[EXERCISE REQUIREMENTS] Copy exactly and only the lines running from the one that contains "这一碗叻沙,肯定只是垫垫肚子" to the final line of the data below, without the pictures.

[SOURCE MATERIAL]
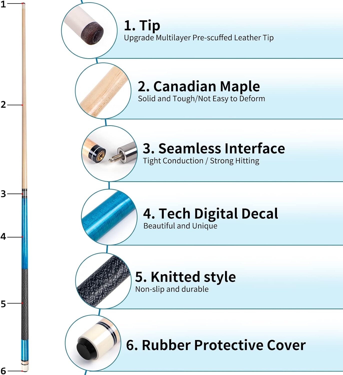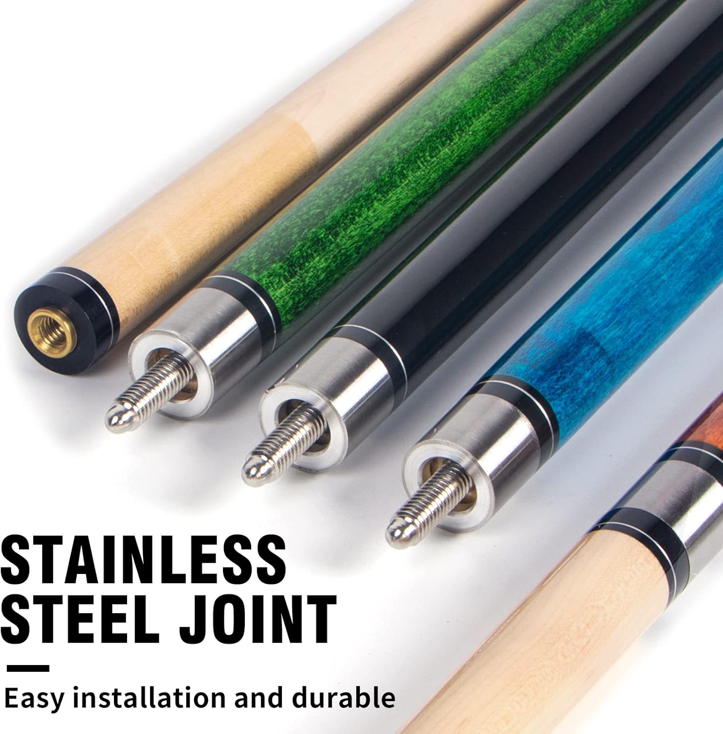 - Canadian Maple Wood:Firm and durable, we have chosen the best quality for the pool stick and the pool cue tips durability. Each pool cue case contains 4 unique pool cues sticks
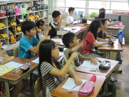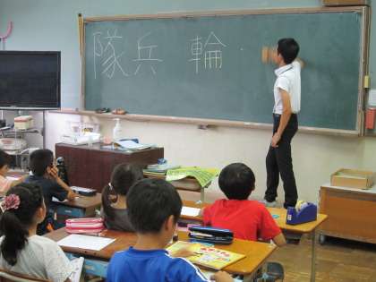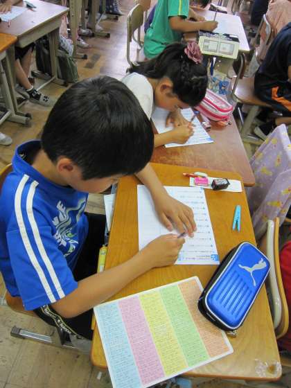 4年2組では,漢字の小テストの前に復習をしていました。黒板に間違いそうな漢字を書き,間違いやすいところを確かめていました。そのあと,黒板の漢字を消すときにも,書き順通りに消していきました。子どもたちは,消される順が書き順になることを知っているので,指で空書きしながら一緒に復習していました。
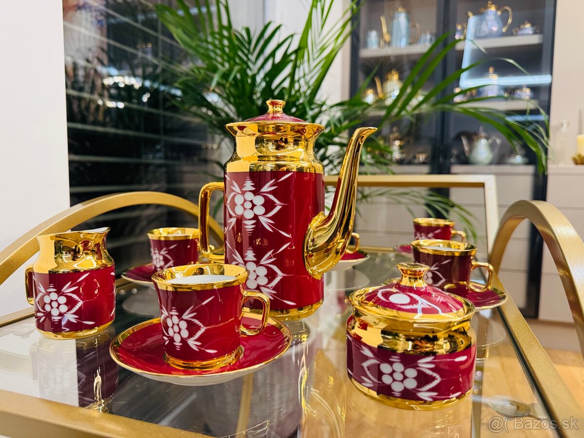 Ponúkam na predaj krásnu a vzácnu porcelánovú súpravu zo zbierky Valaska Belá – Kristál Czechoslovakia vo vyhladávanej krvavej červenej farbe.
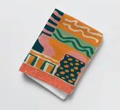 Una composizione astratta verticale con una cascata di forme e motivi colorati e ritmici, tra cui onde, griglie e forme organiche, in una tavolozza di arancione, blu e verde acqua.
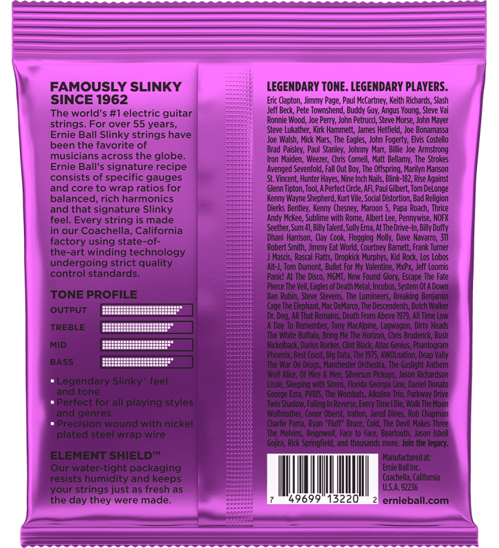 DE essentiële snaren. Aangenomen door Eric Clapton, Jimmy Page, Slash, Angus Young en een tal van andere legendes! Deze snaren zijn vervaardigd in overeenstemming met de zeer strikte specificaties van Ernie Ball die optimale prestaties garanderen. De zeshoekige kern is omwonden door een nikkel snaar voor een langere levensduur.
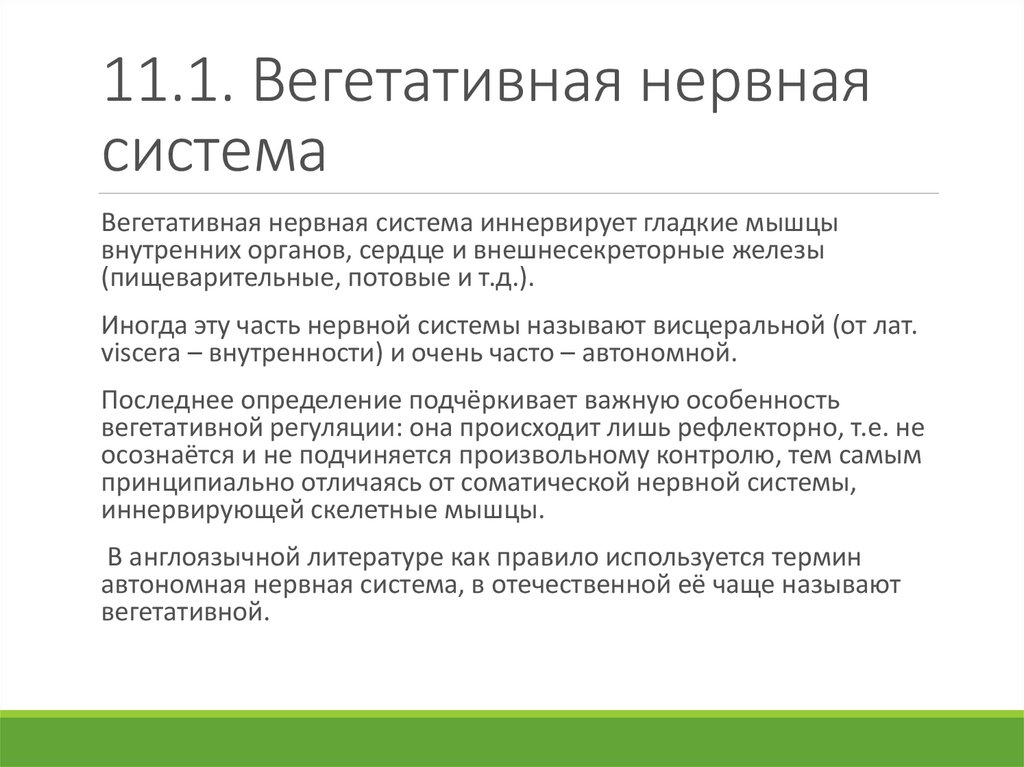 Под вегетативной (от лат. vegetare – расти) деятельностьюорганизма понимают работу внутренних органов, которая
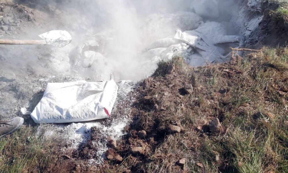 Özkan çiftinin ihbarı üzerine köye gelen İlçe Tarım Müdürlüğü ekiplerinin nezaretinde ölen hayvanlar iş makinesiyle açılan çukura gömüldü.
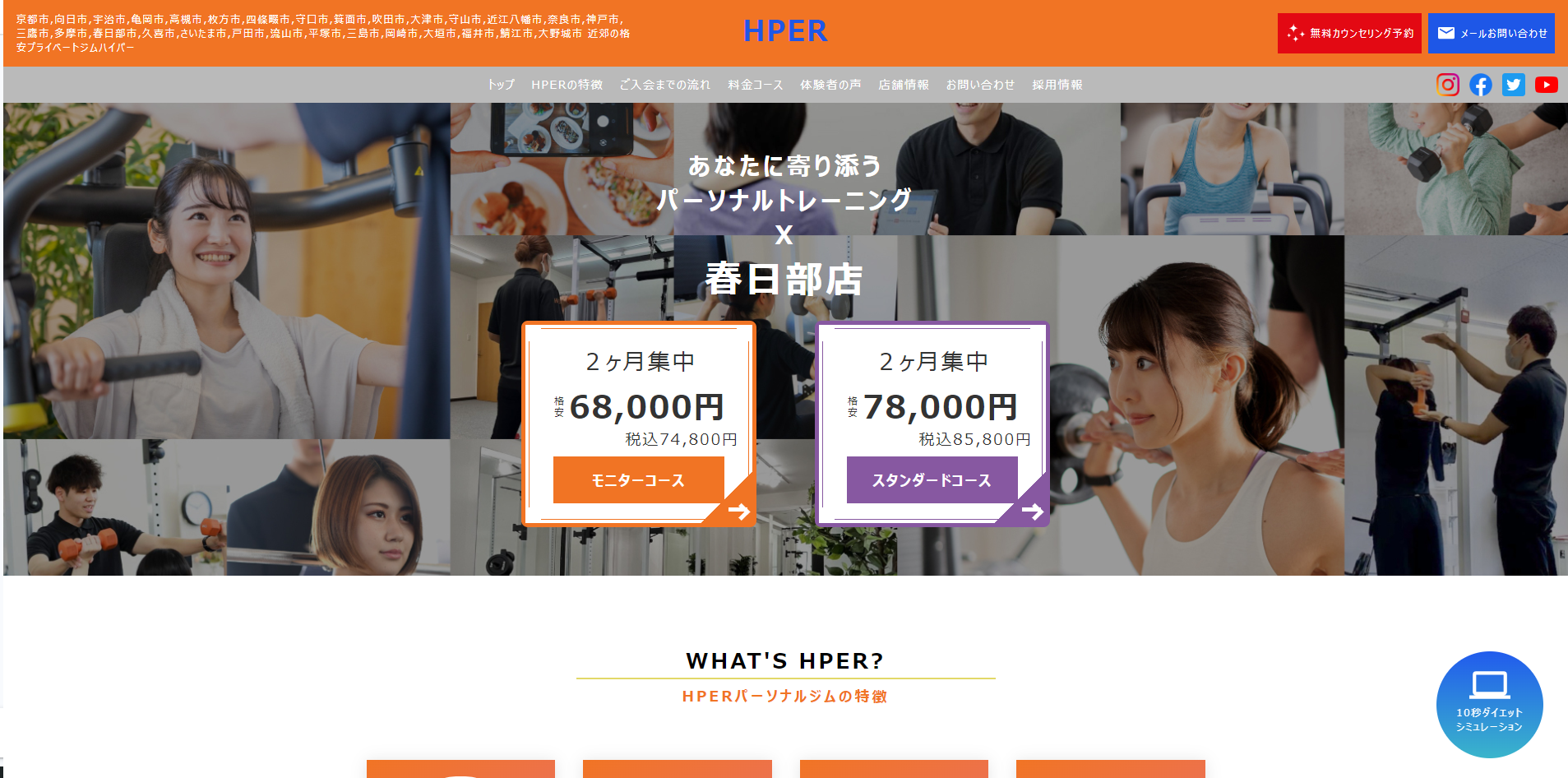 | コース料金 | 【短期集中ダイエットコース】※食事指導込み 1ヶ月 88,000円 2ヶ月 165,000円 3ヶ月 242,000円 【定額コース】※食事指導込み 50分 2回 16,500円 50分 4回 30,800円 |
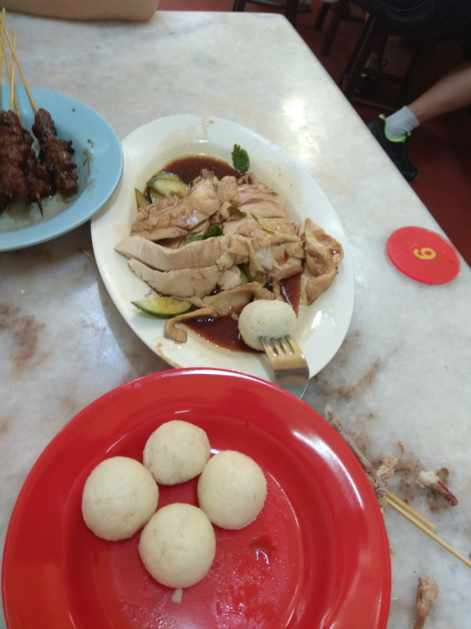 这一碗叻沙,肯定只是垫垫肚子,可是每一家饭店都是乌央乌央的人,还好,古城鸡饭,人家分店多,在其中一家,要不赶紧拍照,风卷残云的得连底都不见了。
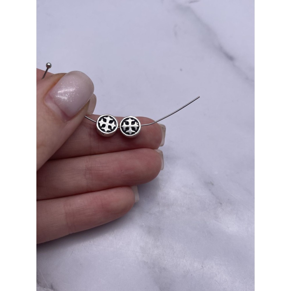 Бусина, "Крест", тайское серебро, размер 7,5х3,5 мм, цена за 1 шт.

[RESULT OF THE EXERCISE]
 这一碗叻沙,肯定只是垫垫肚子,可是每一家饭店都是乌央乌央的人,还好,古城鸡饭,人家分店多,在其中一家,要不赶紧拍照,风卷残云的得连底都不见了。
 Бусина, "Крест", тайское серебро, размер 7,5х3,5 мм, цена за 1 шт.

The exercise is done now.